- _Exercise_
Without the images, reproduce every entry exactly.

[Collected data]
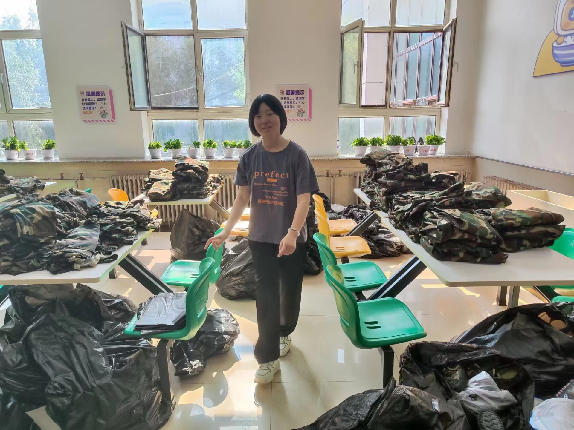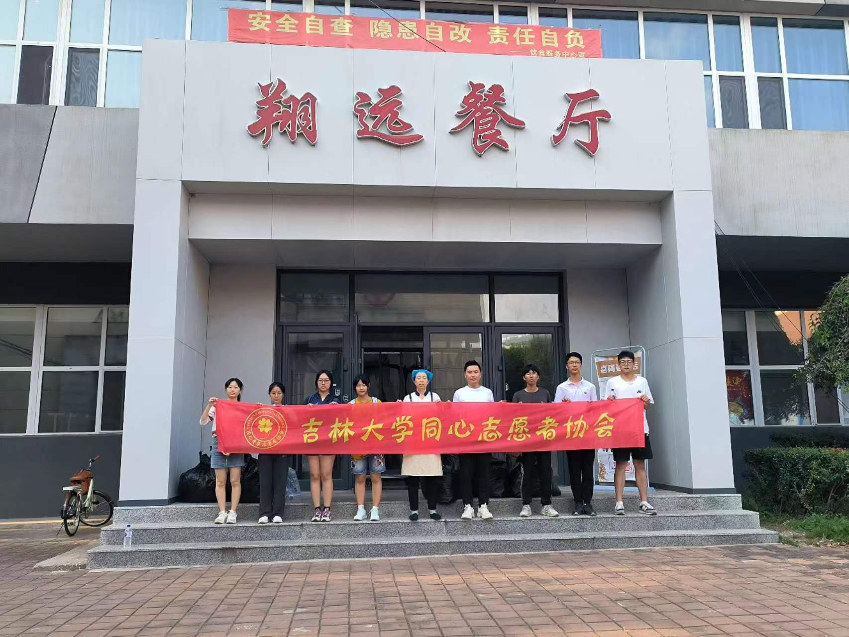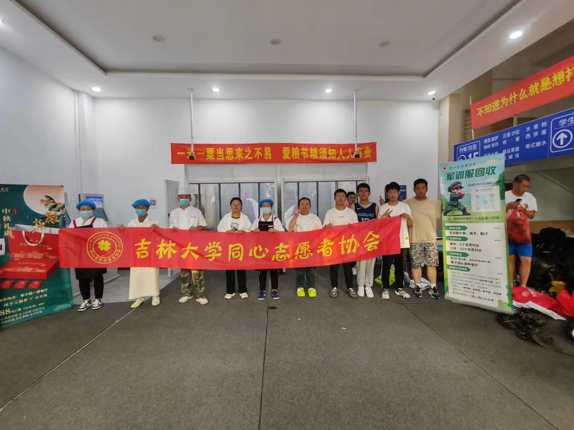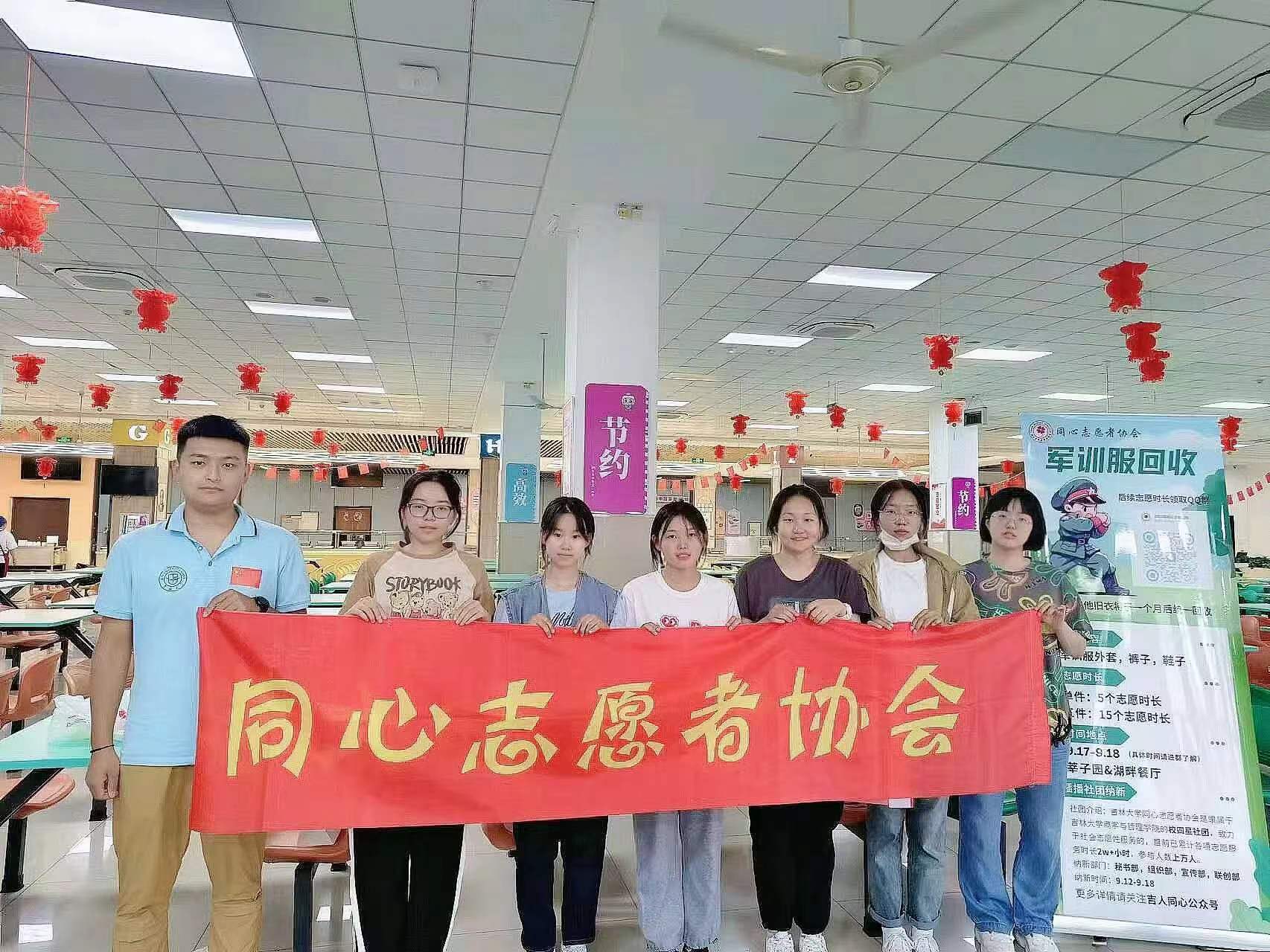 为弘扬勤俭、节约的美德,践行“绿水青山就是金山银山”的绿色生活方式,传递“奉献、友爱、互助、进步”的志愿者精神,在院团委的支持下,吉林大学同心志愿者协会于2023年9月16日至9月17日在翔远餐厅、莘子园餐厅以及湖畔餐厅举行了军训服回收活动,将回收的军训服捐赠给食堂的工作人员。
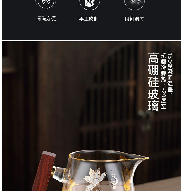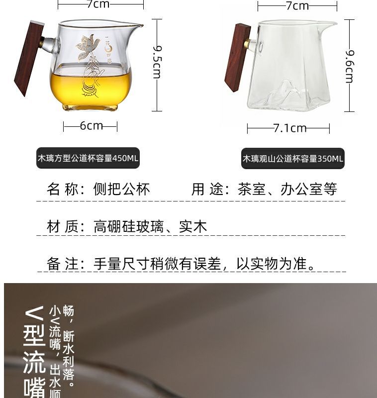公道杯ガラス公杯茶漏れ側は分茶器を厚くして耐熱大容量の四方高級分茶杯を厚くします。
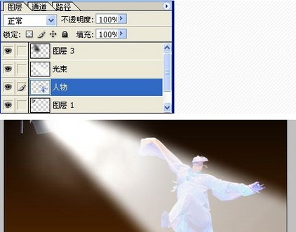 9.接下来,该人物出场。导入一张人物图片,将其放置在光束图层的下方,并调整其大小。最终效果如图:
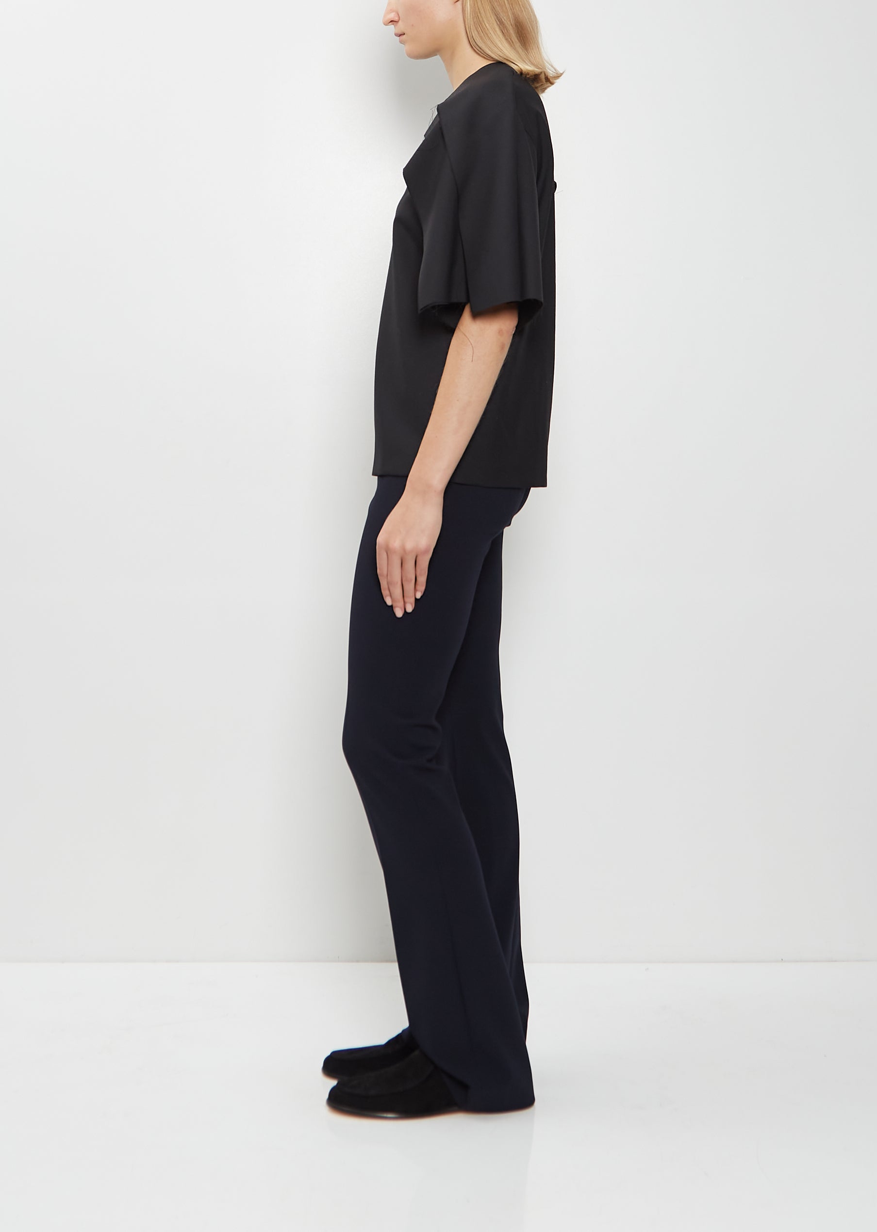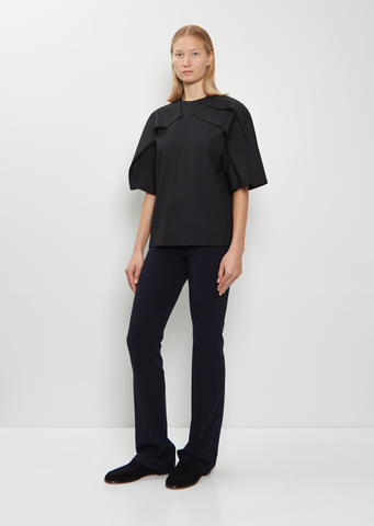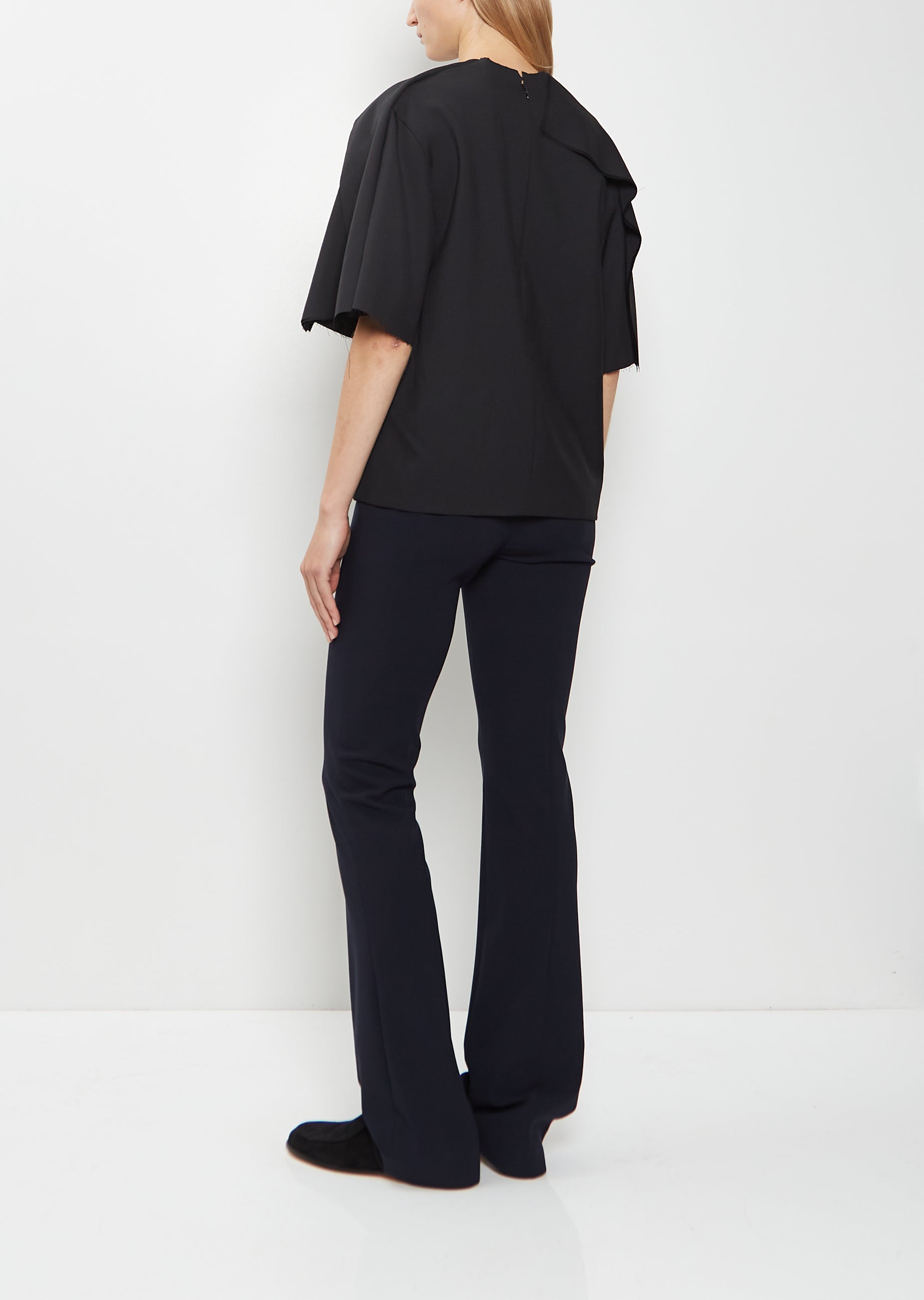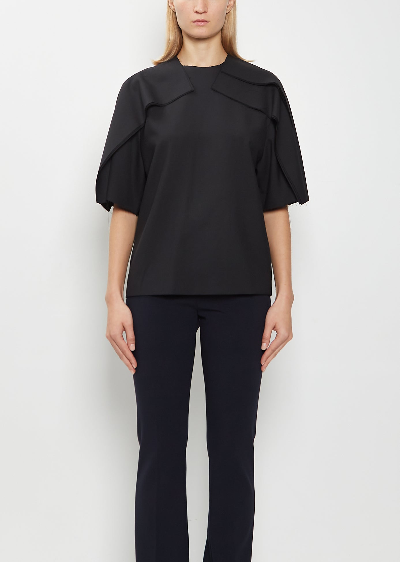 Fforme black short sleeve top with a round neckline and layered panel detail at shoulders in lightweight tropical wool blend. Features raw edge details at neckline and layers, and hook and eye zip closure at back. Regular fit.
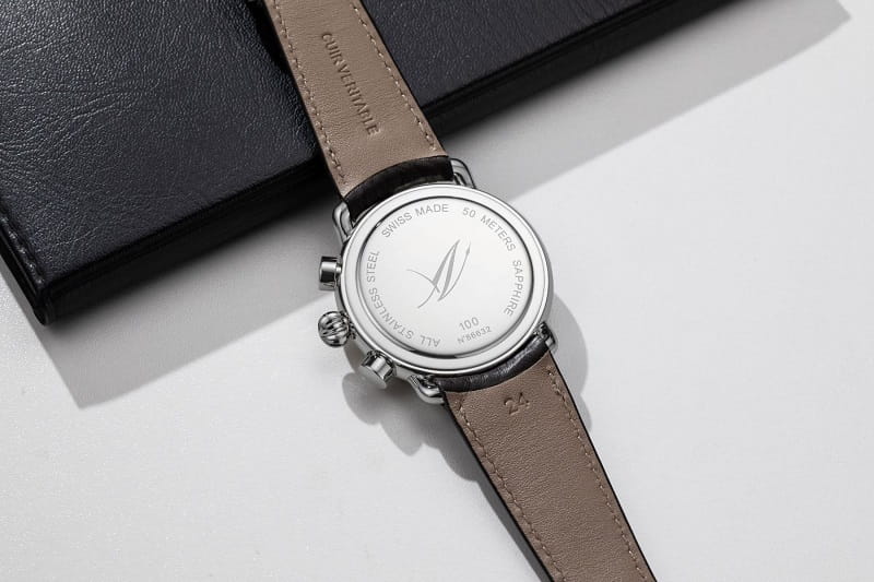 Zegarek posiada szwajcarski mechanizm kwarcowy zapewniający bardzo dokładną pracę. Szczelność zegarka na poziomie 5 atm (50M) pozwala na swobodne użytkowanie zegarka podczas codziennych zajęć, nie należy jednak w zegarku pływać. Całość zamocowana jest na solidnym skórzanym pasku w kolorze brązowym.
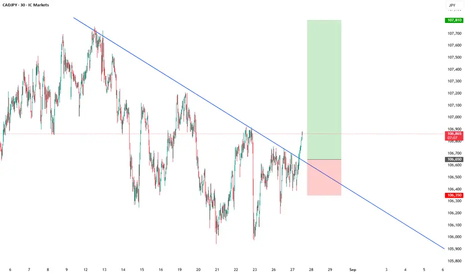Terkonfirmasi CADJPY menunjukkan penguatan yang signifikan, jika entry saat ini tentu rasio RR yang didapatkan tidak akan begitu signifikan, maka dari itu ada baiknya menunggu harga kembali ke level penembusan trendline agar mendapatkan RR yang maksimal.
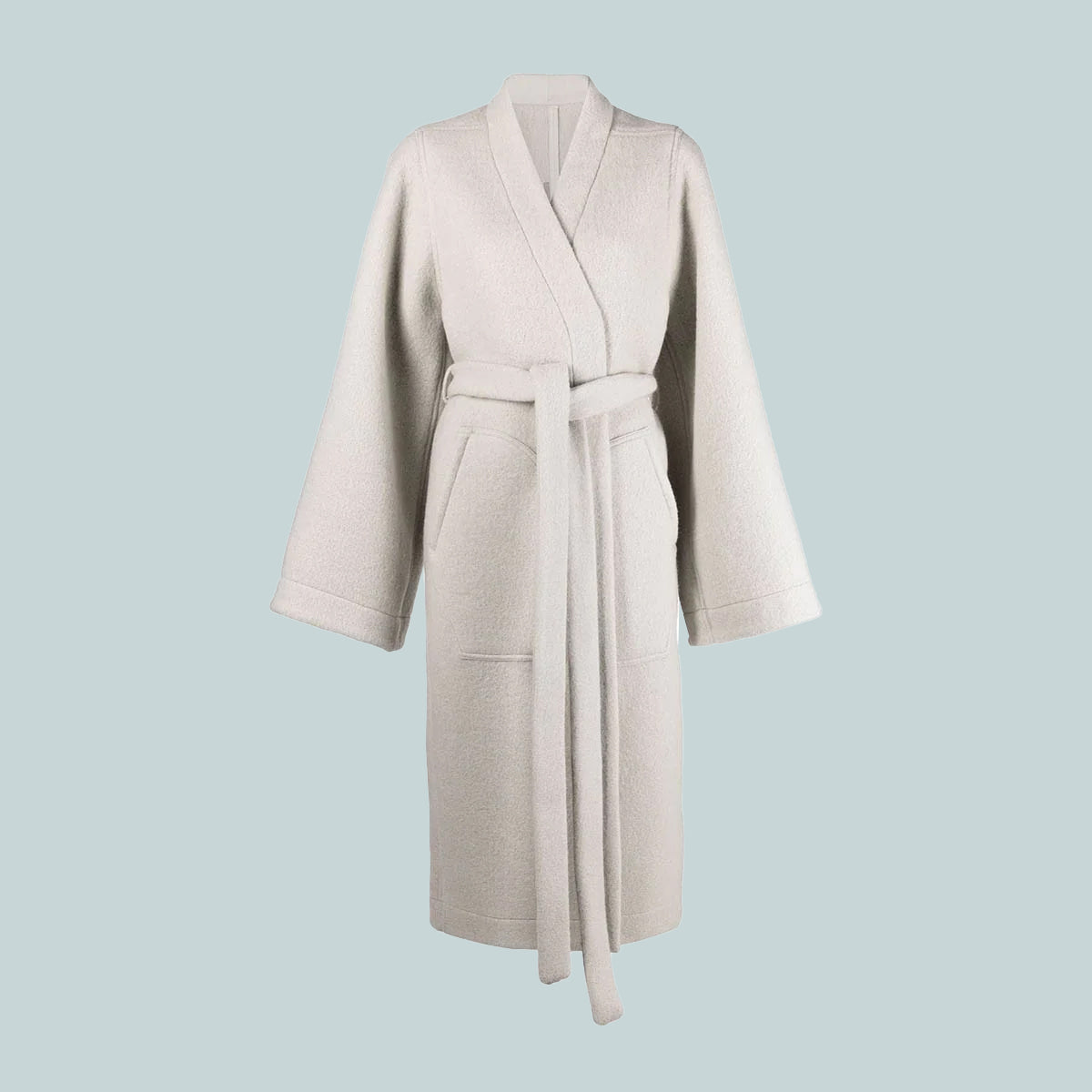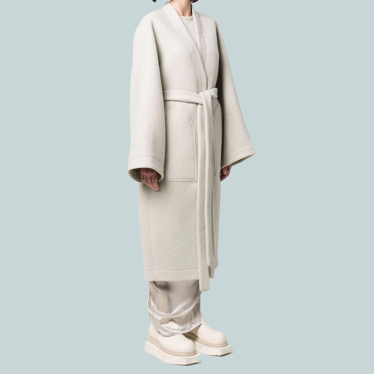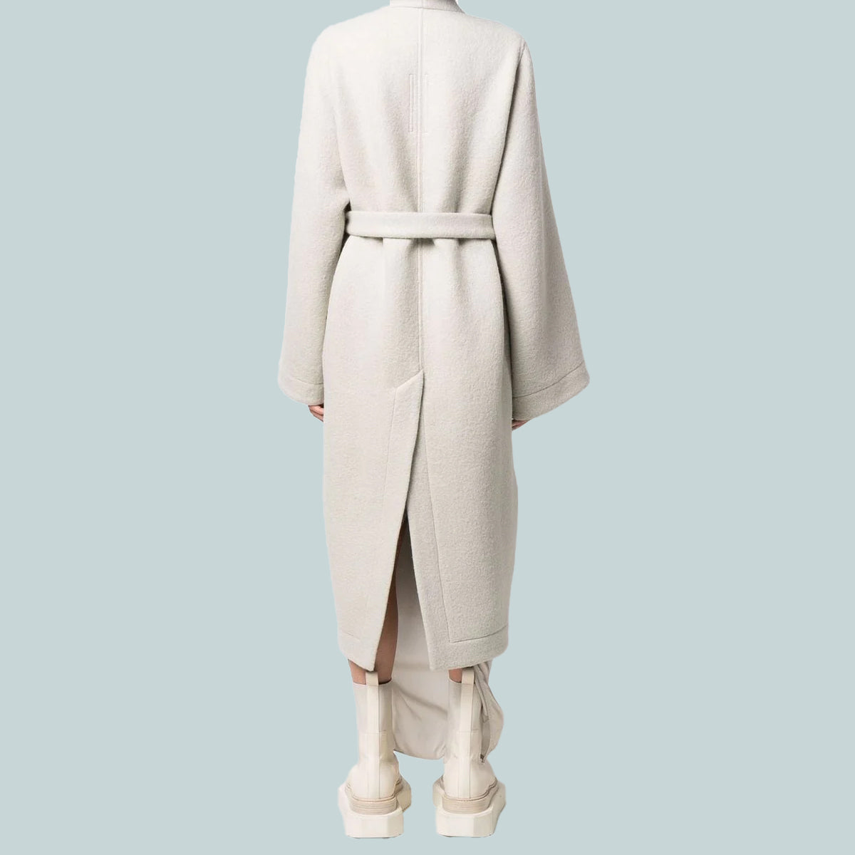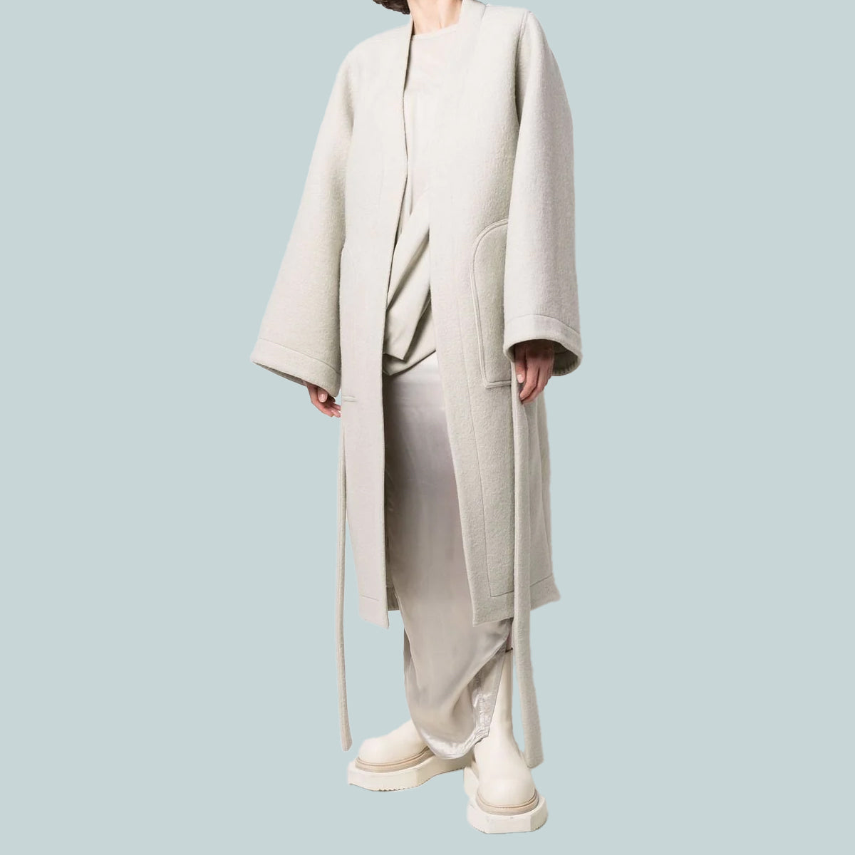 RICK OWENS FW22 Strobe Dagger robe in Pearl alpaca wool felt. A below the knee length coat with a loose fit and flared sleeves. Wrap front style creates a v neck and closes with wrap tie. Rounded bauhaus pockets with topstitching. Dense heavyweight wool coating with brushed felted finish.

- _Result for this task_
 为弘扬勤俭、节约的美德,践行“绿水青山就是金山银山”的绿色生活方式,传递“奉献、友爱、互助、进步”的志愿者精神,在院团委的支持下,吉林大学同心志愿者协会于2023年9月16日至9月17日在翔远餐厅、莘子园餐厅以及湖畔餐厅举行了军训服回收活动,将回收的军训服捐赠给食堂的工作人员。
公道杯ガラス公杯茶漏れ側は分茶器を厚くして耐熱大容量の四方高級分茶杯を厚くします。
 9.接下来,该人物出场。导入一张人物图片,将其放置在光束图层的下方,并调整其大小。最终效果如图:
 Fforme black short sleeve top with a round neckline and layered panel detail at shoulders in lightweight tropical wool blend. Features raw edge details at neckline and layers, and hook and eye zip closure at back. Regular fit.
 Zegarek posiada szwajcarski mechanizm kwarcowy zapewniający bardzo dokładną pracę. Szczelność zegarka na poziomie 5 atm (50M) pozwala na swobodne użytkowanie zegarka podczas codziennych zajęć, nie należy jednak w zegarku pływać. Całość zamocowana jest na solidnym skórzanym pasku w kolorze brązowym.
Terkonfirmasi CADJPY menunjukkan penguatan yang signifikan, jika entry saat ini tentu rasio RR yang didapatkan tidak akan begitu signifikan, maka dari itu ada baiknya menunggu harga kembali ke level penembusan trendline agar mendapatkan RR yang maksimal.
 RICK OWENS FW22 Strobe Dagger robe in Pearl alpaca wool felt. A below the knee length coat with a loose fit and flared sleeves. Wrap front style creates a v neck and closes with wrap tie. Rounded bauhaus pockets with topstitching. Dense heavyweight wool coating with brushed felted finish.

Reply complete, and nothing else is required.